Такой срок отводил себе Дойно. Но на самом деле времени оставалось меньше. Такое время не было отпущено, и второго предупреждения не суждено было получить никому.
Книга вторая
ГЛУБЖЕ, ЧЕМ БЕЗДНА
Часть первая. Напрасное возвращение
Глава первая
Еще несколько месяцев назад, когда старый профессор Штеттен вызволил Дойно из лагеря, тот верил и надеялся, что скоро сможет все начать сначала. Даже если надежда обрела привкус горечи, она все-таки имеет под собой основания, так решил он в ночь возвращения домой.
И тем не менее он чувствовал, что бремя жизни с каждым днем все тяжелее; ему хотелось больше не быть. Последним препятствием служило то, что еще оставалось от надежды. И он с нетерпением ждал, когда же иссякнет последняя ее капля.
Его тянуло в леса, в глухие переулки, к запертым на ночь воротам — как будто он мог вернуть ушедшее время в неизменившемся пространстве. Эти нездоровые поиски причиняли боль, так как не приметы былого хотел он найти, а само это былое в настоящем. Иной раз он напоминал помешанную женщину, которая силится представить себе нежную улыбку, заливистый смех мертворожденного ребенка.
Только в тюрьме, в концлагере, он понял, что для того, кто бежит от настоящего, прошлое каким-то странным образом становится настоящим. Но теперь он уже не узник, он живет без веры и без страха. Память его — как открытая рана, из которой неостановимой кровью текут воспоминания.
Чего искал тридцатипятилетний мужчина у шестнадцати-восемнадцатилетнего юноши, каким он был когда-то? Прощения, жалости? Но юноша жалости не ведал, его приговор был предопределен заранее и не подлежал отмене. Лишь через одну-единственную дверь можно уйти от революции, эта дверь открывается в Ничто.
Штеттен уехал из города вместе с внучкой, и Дойно вскоре должен был к ним присоединиться. Его ждал просторный загородный дом. Он со дня на день откладывал свой отъезд, но все причины были лишь отговорками. Он ждал кого-то, кто никогда не обещал прийти, ждал чего-то, что никогда не могло случиться. Тот, кто ждет возвращения умершего, тот еще не самый безнадежный. Ибо он знает по имени и в лицо того, кого ждет. Порой ему даже может чудиться, будто он слышит его шаги по лестнице, его покашливанье у двери.
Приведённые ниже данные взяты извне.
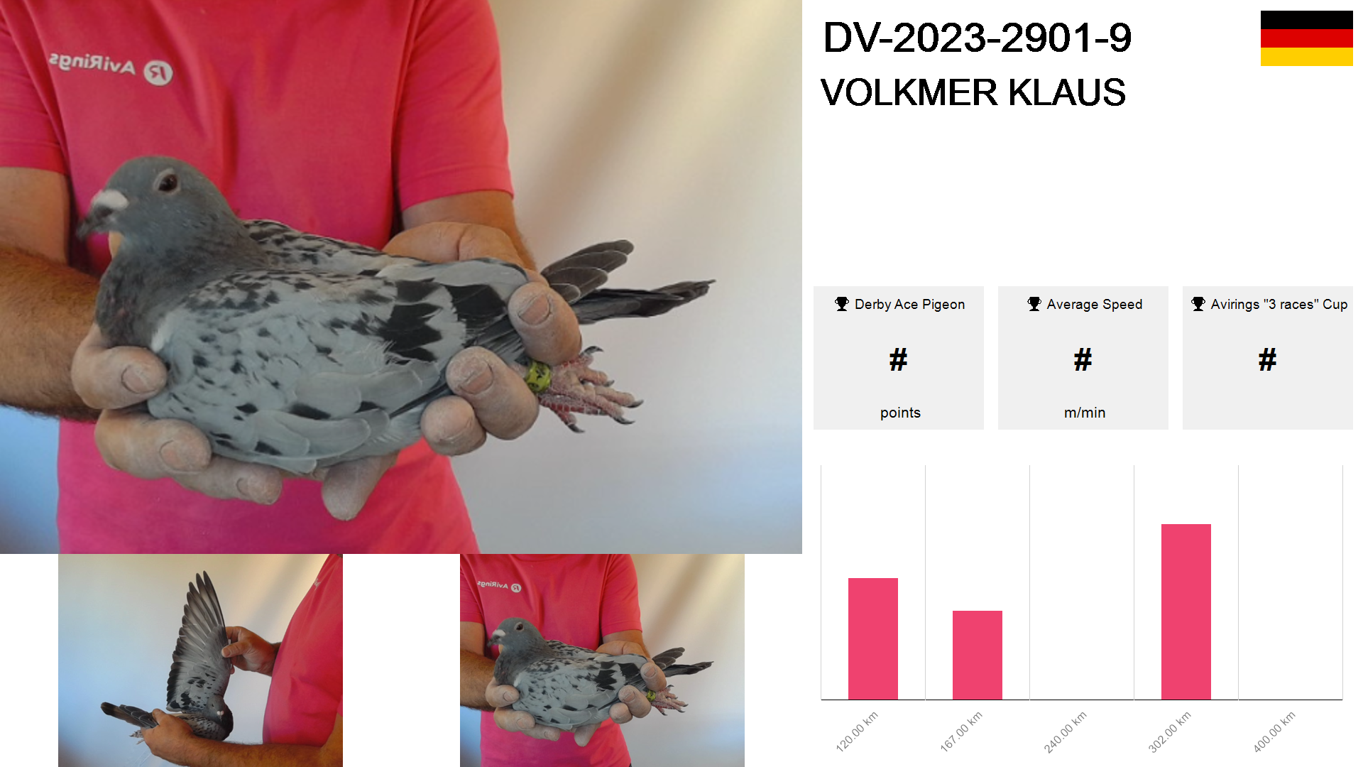 | Race | Position | Number of pigeons | Percent | Speed | Distance |

Ночами, когда после раскаленно-жарких дней медленно наступала прохлада, он сидел у окна, иной раз до рассвета, смотрел на деревья в лесочке, как будто призван был хранить их сон, вслушивался в каждое движение ветвей, как в биение утомленного сердца. Нет, говорил он себе, я никого не жду.
Днем он много читал; в определенные часы слушал по радио сообщения из Испании, они еще волновали его и порою даже болезненно; а иногда он день-деньской слонялся по улицам, вроде бы без всякой цели, покуда, устав от ходьбы и зноя, не садился на скамейку в парке, и терпеливо, как старик, ждал захода солнца.
Дойно слушал рассказы стариков и старух в парке. Одни гордились своей покорностью судьбе, словно это был их единственный добровольный поступок, который по-своему их возвеличивал; другие говорили об этой покорности с горькой обидой, точно об оскорблении, которое им наносит каждый новый день.
Он почувствовал, что его глаза увлажнились, и надел темные очки, чтобы скрыть слезы. Вассо, единственный, от кого он не стал бы их скрывать, был мертв, его убили в Москве.
После смерти этого друга мир, казалось, стал пустым и тесным; другие дружбы вот-вот сами увянут. Все они умирают со смертью одного-единственного друга.